Real-World Scenarios in Python Retail Sales Analysis and Forecasting Matplotlib: Visualize the Data

Matplotlib is a comprehensive library for creating static, animated, and interactive visualizations in Python. It is widely used for plotting and visual representation of data in various fields, including data science, machine learning, finance, and scientific research.

Visualizing Top Selling Products

import matplotlib.pyplot as plt

# Sample data
top_products = {
    'product_id': ['12345', '67890', '13579', '24680', '11223', '33445', '55667', '77889', '99000', '11122'],
    'sales': [9200, 8500, 7500, 7200, 6800, 6700, 6600, 6500, 6300, 6200]
}
top_products_df = pd.DataFrame(top_products)
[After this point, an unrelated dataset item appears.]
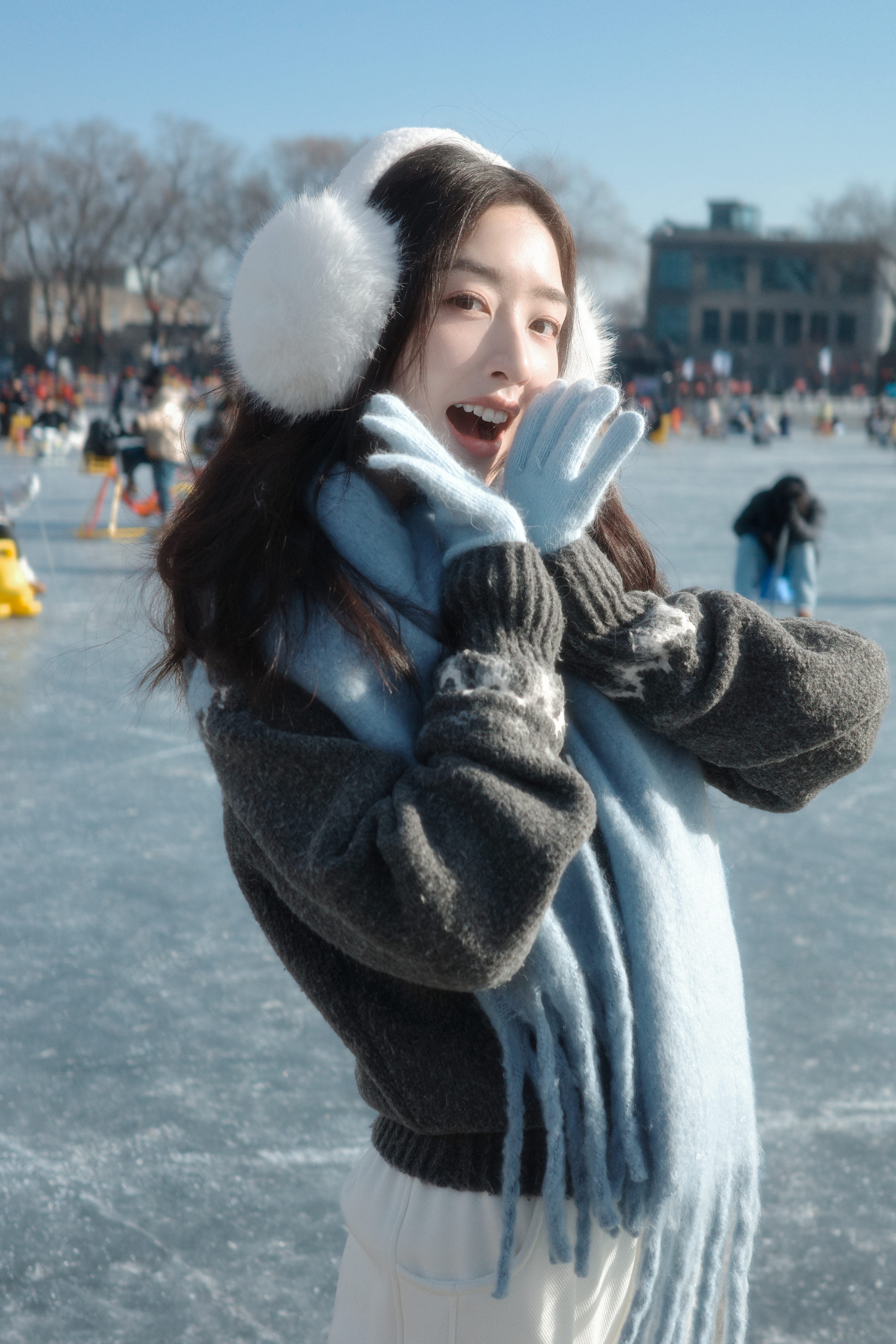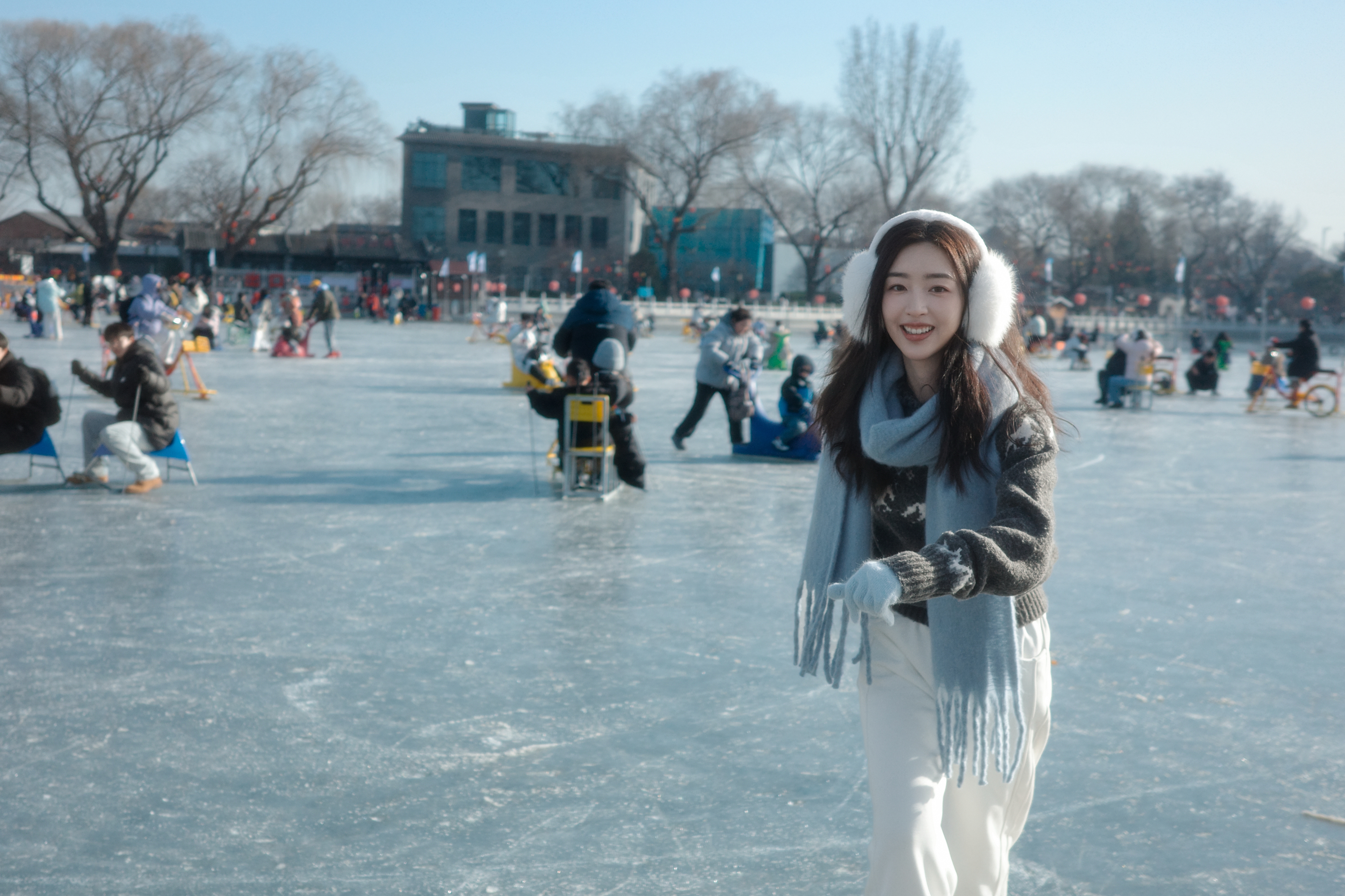 张天爱跟素人合影,胯真的好宽,大宅院似的

# Plotting top selling products
plt.figure(figsize=(10, 6))
plt.bar(top_products_df['product_id'], top_products_df['sales'], color='skyblue')
plt.xlabel('Product ID')
plt.ylabel('Total Sales')
plt.title('Top Selling Products')
plt.xticks(rotation=45)
plt.show()

Visualizing SARIMA Forecast

# Sample data for SARIMA forecast
sarima_forecast = pd.Series(
    [420.5, 415.2, 422.1, 428.3, 433.0, 437.5, 441.8, 445.0, 448.2, 451.3, 
     454.0, 456.7, 459.0, 461.2, 463.3, 465.0, 466.7, 468.3, 469.8, 471.0, 
     472.2, 473.3, 474.3, 475.0, 475.8, 476.5, 477.2, 477.8, 478.3, 478.8], 
    index=pd.date_range(start='2024-05-19', periods=30)
)

# Plotting SARIMA forecast
plt.figure(figsize=(10, 6))
sarima_forecast.plot(color='blue', marker='o')
plt.xlabel('Date')
plt.ylabel('Forecasted Sales')
plt.title('SARIMA Sales Forecast for Next 30 Days')
plt.grid(True)
plt.show()

Visualizing Prophet Forecast

# Sample data for Prophet forecast
prophet_forecast = {
    'ds': pd.date_range(start='2024-05-19', periods=30),
    'yhat': [421.56, 423.34, 424.56, 425.78, 427.01, 428.23, 429.45, 430.67, 
             431.89, 433.12, 434.34, 435.56, 436.78, 438.01, 439.23, 440.45, 
             441.67, 442.89, 444.12, 445.34, 446.56, 447.78, 449.01, 450.23, 
             451.45, 452.67, 453.89, 455.12, 456.34, 457.56],
    'yhat_lower': [410.12, 412.45, 413.67, 414.56, 415.67, 416.78, 417.89, 
                   418.12, 419.23, 420.34, 421.45, 422.67, 423.89, 425.23, 
                   426.34, 427.45, 428.56, 429.67, 430.78, 431.89, 433.12, 
                   434.34, 435.45, 436.56, 437.67, 438.78, 439.89, 441.01, 
                   442.23, 443.45],
    'yhat_upper': [432.98, 434.45, 435.56, 436.78, 438.01, 439.23, 440.45, 
                   441.67, 442.89, 444.12, 445.34, 446.56, 447.78, 449.01, 
                   450.23, 451.45, 452.67, 453.89, 455.12, 456.34, 457.56, 
                   458.78, 460.01, 461.23, 462.45, 463.67, 464.89, 466.12, 
                   467.34, 468.56]
}
prophet_forecast_df = pd.DataFrame(prophet_forecast)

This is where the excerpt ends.